Temporal databases are one of active research areas in the database community and tremendous research work has been done by many researchers. According to Jensen and Snodgrass’s survey (1999), more than 2000 research papers on temporal databases had been published. There are many different types of temporal data models and they have their own merits in their specific applications.

In the temporal database literature, we can find three types of timestamps—instants, intervals, and temporal elements. Based on timestamps, temporal data models are termed point-based models, interval-based models, and temporal element-based models, respectively.

It is important to emphasize that only temporal elements are legitimate domains of objects and events in the real world. However, a temporal element cannot be represented using a fixed length because it can have any number of intervals. Therefore, in many approaches, intervals or instants are used to timestamp fragments of objects that are stored in multiple fixed-length tuples. Typically, such timestamps are attached at tuple level rather than value level.

In our implementation, we consider the parametric temporal data model which uses temporal elements for timestamps. The parametric temporal data model defines attributes as functions of time. Because of this, it can model an object in the real world into a single tuple in databases. Such one-to-one correspondence between an object and a tuple can avoid self-joins which are inevitable in temporal data models which fragment an object into multiple tuples. However, such modeling advantage increases the implementation complexity because of variable attribute sizes. In particular, it is difficult to adapt the parametric temporal data model within relational database systems, which are the most popular approaches for temporal database implementation.
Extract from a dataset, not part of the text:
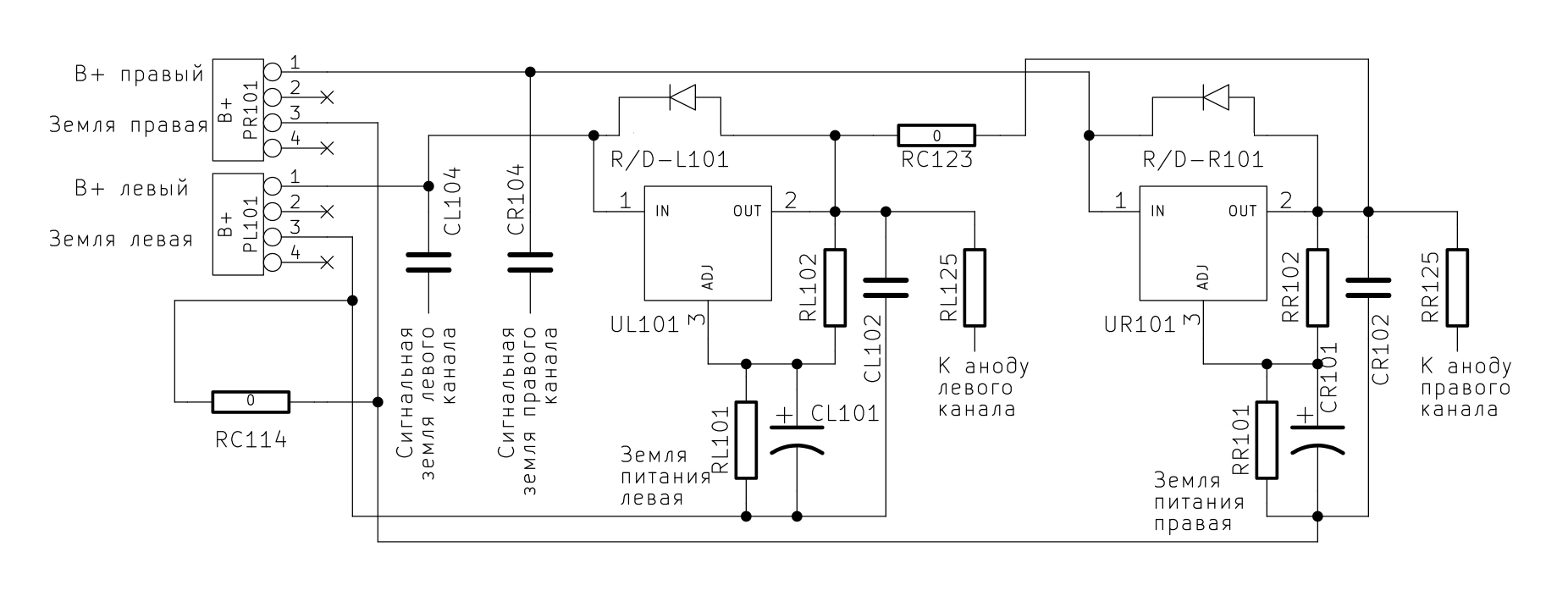 Выпрямленное, сглаженное и, возможно, стабилизированное напряжение подаётся на разъёмы PL103 и PR103 (отдельно для каждого канала). Положительный полюс подключается к контакту 1, отрицательный полюс - к контакту 3. На плате предусмотрено объединение земель питания с помощью перемычки RC114, как уже обсуждалось ранее.

In order to meet the implementation challenge, we use XML and develop our own XML-based storage technology called CanStoreX (Canonical Storage for XML). CanStoreX is capable of paginating large XML data into small chunks of pages. Many artifacts, such as parse and expression trees are also represented in XML, which are human readable and more reliable by removing the reliance on traditional linked list-based trees. We also show how to utilize XML in developing a query execution engine. The primitives for the query language are implemented using the DOM parser. We use nine queries to validate the implemented system.

Our XML-based implementation approach is different from other approaches in that we do not use existing conventional database systems. It is a native temporal database system built on top of our own storage technology. Furthermore, our approach overcomes the implementation challenges of the parametric temporal data model, which has debated since the mid 1980s. Therefore, we can expect that our implementation paradigm provides an elegant solution for the implementation of complex data models which have difficulties to use existing database systems.

The organization of this paper is as follows. Section 2 briefly discusses various approaches to implementing temporal database systems. Section 3 discusses XML’s usability and some possible directions for the parametric temporal data model implementation. Section 4 discusses the parametric temporal data model. Section 5 introduces ParaSQL—the query language of the parametric temporal data model. Section 6 explains our XML-based implementation methodology. Section 7 discusses the system performance for a suite of ParaSQL queries. Section 8 summarizes our findings.

Section snippets

Related work

Relational databases are the most popular commercial databases and frequently used to implement temporal databases. Major relational database vendors have introduced technologies that allow their systems to be extended with software plug-ins developed by users or third-party vendors, such as Infomix’s DataBlades, DB2’s Extenders, and Oracle’s Cartridges.

Yang et al. (2000) introduced TIP (Temporal Information Processor) that is an extension of the Informix database system based on its DataBlade

XML for the parametric temporal data model

Defining attributes as functions leads to one-to-one correspondence between an object in the real world and a tuple in a database. Such a property of the data model, however, makes it impractical to utilize existing databases including storage technologies. For example, suppose that John’s salary has increased by $1000 every year while Tom’s salary has remained same. Although they are in the same relation, their salary attributes have different sizes, leading to different tuple sizes. In

Parametric temporal data model

In this section, we will discuss the general concept of the parametric temporal data model. In the parametric data model, attributes are defined as functions and temporal elements are used to represent domains of functions.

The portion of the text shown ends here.